I originally wrote this riff with all natural harmonics, but it was just not powerful enough, so I changed it to normal fretting. It can be challenging at the tempo notated, and if you are like most players, a riff (a repeating motif), can be hard to execute cleanly over and over again. You pretty much have to put your fretting and picking hand on auto pilot.

Whatever fingering you use, try not to change it. As with anything you play, it is best to use the same fingering every time. I suggest a first finger barre across the twelfth fret on the D, G and B strings, and use the fourth finger for the fifteenth fret (D) and the third finger for the fourteenth fret (A). Your fret hand fingers should fall naturally into place for the melody. Remember the guide: four fingers, four frets! This is crucial to this type of position playing.

Guitar Two

This the harmony to the main melody, voiced in thirds.
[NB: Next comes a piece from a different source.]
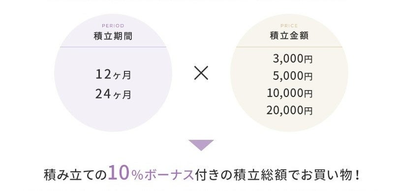 『振袖積み立て』の他に、2つの積み立て期間と4つの積み立て金額からお選びいただき、お好きなコースでお申し込みいただけます。満期を迎えていなくても、お好きなタイミングで積み立ての10%ボーナス付きの積み立て総額でお買い物できます。

This was very easy to do, as all the notes in the melody are diatonic (see: Modes Of The Major Scale). The interval of a third is the strongest and most common harmony. Simply add the interval above the notes in the melody. For example: a third above G is B, a third above D would be F♯. It is three scale steps up from the root note.

Professional transcription programs (like the one I use, Finale), will add this harmony automatically, if you copy and paste the melody to another staff, then transpose up a major third. You may have to tweak a couple of notes depending on the complexity of the melody line and the desired sound. Usually when you hear three part harmony, it is based on the root, third and fifth.

Guitar Three

This is the foundation rhythm guitar part. For the most part, these are three note power chords. Power chords do not contain a third interval, just the root and fifth. In this respect, power chords can be either major or minor chords, as the third is the interval that governs this. To find out what chord you are playing, simply look at the root. For example, a G5 would have the G as the root, usually the bottom note of the chord (unless inverted, in which case the lowest note of the chord is the fifth).

In measure nineteen, the power chords are two note inversions, the root is the top note. There is five power chords in this measure: D5, E5, D5, C5 and B5. Playing power chords this way (with a one finger barre) is an easier way to play fast passages.